» WHAT NEEDS TO BE DONE
Keep the pictures out and restate every record exactly.

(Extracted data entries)
========================================================================

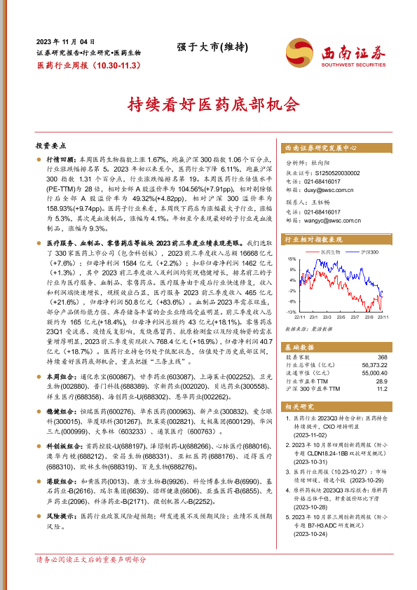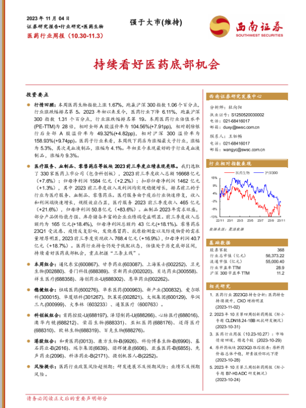 【西南证券】【20231104】医药行业周报:持续看好医药底部机会-35页
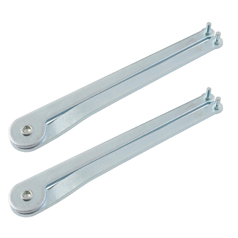 Adjustable locknut adjustable wrench for grinding machines. Pin spacing ranges from 7mm to 160mm and can be used with most angle grinders.
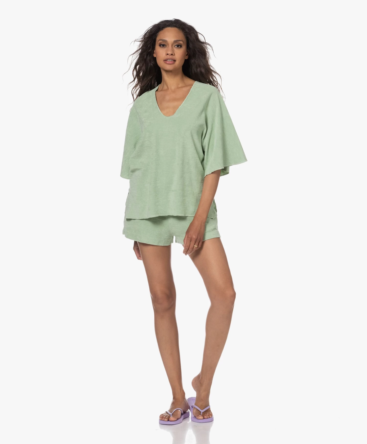Sleepers laat met hun uiterst comfortabele teenslippers in een lavendel tint zowel onze mode- als eco-harten sneller doen kloppen. De slippers komen in een fijne reeks van verschillende kleuren en zijn gemaakt van biologisch afbreekbaar natuurlijk rubber dat recyclebaar is, en met natuurlijke verf is gekleurd. Het ontwerp is eigentijds en laat een zool zien die naar de hiel toe iets grover wordt. Het voetbed vormt naar je voeten. Je nieuwe favoriete footwear item voor het komende seizoen is hiermee gevonden!
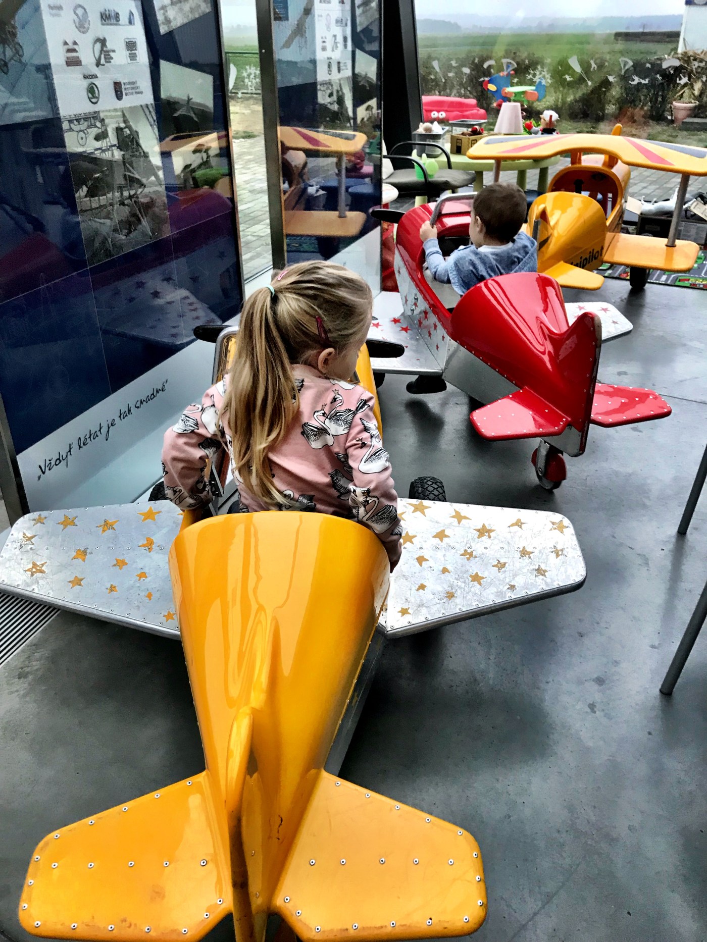 Součástí muzea je i nová stylová kavárna, kde si po prohlídce můžete zajít na kafčo nebo něco dobrého, zatímco si děti pohrají. Mají tady skvělá mini letadýlka, ze kterých byly naše děti úplně paf.
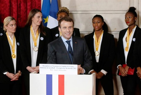 | Le président Emmanuel Macron (centre) rend hommage aux handballeuses françaises championnes du monde lors d'une allocution au Palais de l'Élysée, le 18 décembre. |

========================================================================

» SOLUTION FOR THIS PROBLEM
 【西南证券】【20231104】医药行业周报:持续看好医药底部机会-35页
 Adjustable locknut adjustable wrench for grinding machines. Pin spacing ranges from 7mm to 160mm and can be used with most angle grinders.
Sleepers laat met hun uiterst comfortabele teenslippers in een lavendel tint zowel onze mode- als eco-harten sneller doen kloppen. De slippers komen in een fijne reeks van verschillende kleuren en zijn gemaakt van biologisch afbreekbaar natuurlijk rubber dat recyclebaar is, en met natuurlijke verf is gekleurd. Het ontwerp is eigentijds en laat een zool zien die naar de hiel toe iets grover wordt. Het voetbed vormt naar je voeten. Je nieuwe favoriete footwear item voor het komende seizoen is hiermee gevonden!
 Součástí muzea je i nová stylová kavárna, kde si po prohlídce můžete zajít na kafčo nebo něco dobrého, zatímco si děti pohrají. Mají tady skvělá mini letadýlka, ze kterých byly naše děti úplně paf.
 | Le président Emmanuel Macron (centre) rend hommage aux handballeuses françaises championnes du monde lors d'une allocution au Palais de l'Élysée, le 18 décembre. |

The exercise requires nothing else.